Again, most or all of the R code might not make sense to you just yet. That’s ok. The main point is to show you a nice example of a data analysis done in a way that others (you) can reproduce with just a few clicks. As part of this class, you will be producing those kinds of reproducible R Markdown files (well, we’ll be doing Quarto files, which is the improved successor of R Markdown).

Research Project

Fully open and reproducible analyses are also becoming common in academic research, with authors publishing everything needed to reproduce their paper and results. In my research group, we try to adhere to this approach as much as possible. As an example, I’m sharing a project/paper by Dr. Brian McKay, a former grad student in my group. You can read the published paper. All materials to reproduce the full project and all results are available as supplementary material. Take a look at the Usage Notes section on the website.

Next, click on Download Dataset, and unzip the file. You should end up with a folder called ProcSocB Supplemental Material.

Inside that folder you can see subfolders containing all the data and code to fully reproduce the analysis and manuscript. Find and click on Virulence_Trade-off.Rproj. This should open in RStudio. To reproduce the manuscript, go into the Manuscript folder, open Manuscript.Rmd. You’ll see some code at the top which loads various datasets containing results. Further down, you’ll find the text of the manuscript, combined with simple R commands that dynamically place numbers and figures into the text. Re-create the manuscript by clicking on the knit button. There might be error messages related to missing packages. If that happens, install those packages (e.g. ‘bookdown’). If you get stuck, post your problem to the discussion boards.

Feel free to explore further by opening various R scripts and running them. The Usage Notes section on the website where you downloaded the zip file, or the Supplementary-Material.docx document explain what the different pieces do and how to use them.

As you can tell, this is more complex and complete compared to the single R Markdown file example above. The details on how you structure your project and folders/files are up to you, but they should provide a way to organize things so it’s easy for you and others to understand what is going on where.

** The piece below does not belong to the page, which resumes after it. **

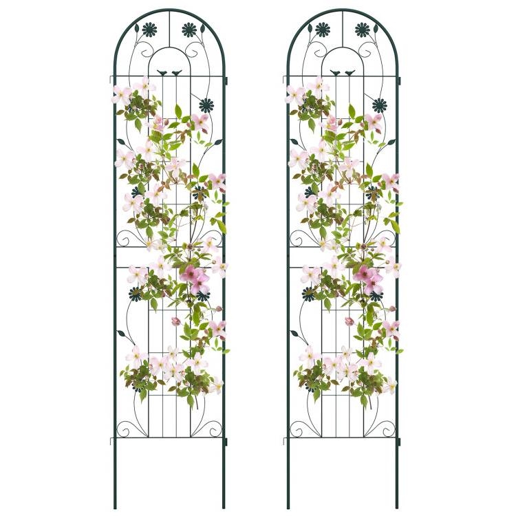 This 2 Pack - 7-ft Galvanized Steel Outdoor Garden Trellis in Green Metal Finish is constructed of galvanized steel, ensuring unrivaled sturdiness and rust resistance to hold heavy plant for longer time. The trellis features 10.5", 11" long legs, allowing for effortless insertion into the ground, providing a stable foundation. With impressive heights of 71", the metal trellis offers an expansive area for your climbing plants and vines to reach new heights. By providing an abundance of vertical space, your plants can thrive as they eagerly stretch towards the sun's nourishing rays. Apart from being used as a plant support for climbing plants. The 2 pack trellis set can be combined with a garden fence, ensuring the protection and privacy of your cherished plants. Plus, you can connect 2 or more trellis in an A-shape frame for growing cucumbers or other climbing vegetables. Designed with enchanting birds, flowers and leaves, the tall garden fence will effortlessly add a touch of timeless elegance and retro charm to your garden, lawn, or yard. Moreover, you have the freedom to arrange more trellises to different layouts according to your unique requirements. Coming with complete components and a detailed instruction manual, the assembly process of the wire lattice grid panel is a breeze. Besides, the 2 pack fence trellises are designed with an effortlessly interlocked connector, allowing for quick setup.
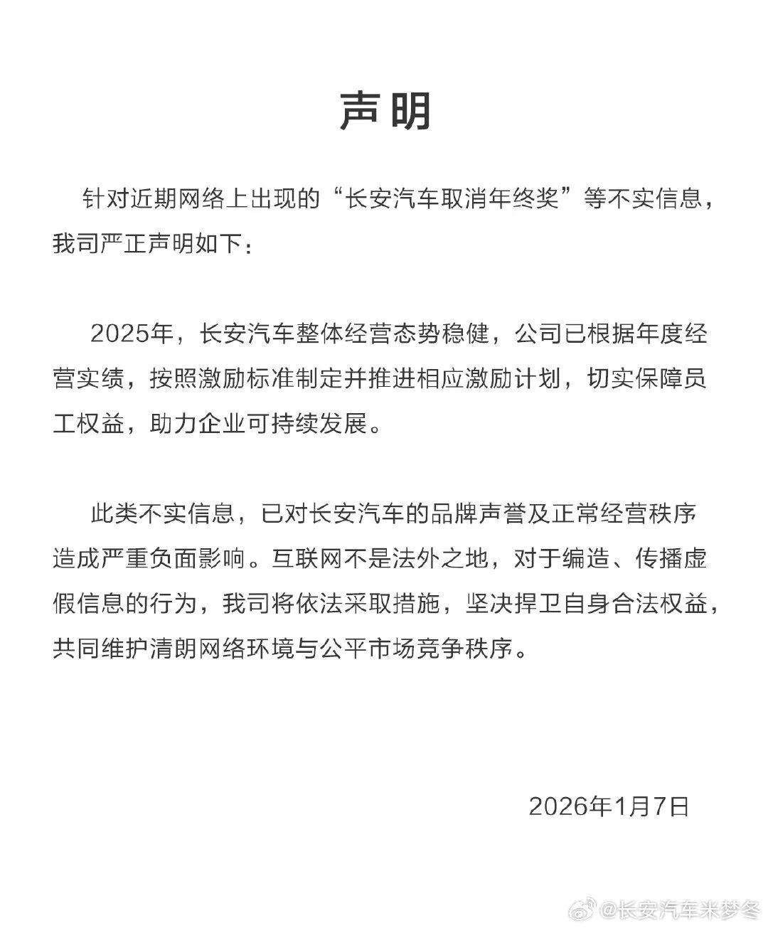 1月7日,长安通过官方渠道发布了《关于长安汽车取消年终奖不实信息的严正声明》,针对网络流传的“取消年终奖”传闻发布严正声明,明确该信息不实,公司已依据2025年经营实绩制定激励计划并推进落实。

This example hopefully gives you an idea how nice and easy it is to write a whole paper with just a few clicks of a button. It is a combination of R scripts and R Markdown files (in this case a version called bookdown), which allow a fully automated generation of a complete data analysis and manuscript, including all figures, tables, references, etc. This is an incredibly efficient workflow and one you’ll learn and use in this class. For instance if there was a mistake somewhere in the data, instead of going through the manuscript and manually changing numbers, one could just re-run the whole code, and it will produce new results based on the updated data in a fully automated manner. It’s a bit more work upfront until you get the hang of it, but once you have it set up, it can save an enormous amount of time and avoid potential copy & paste mistakes.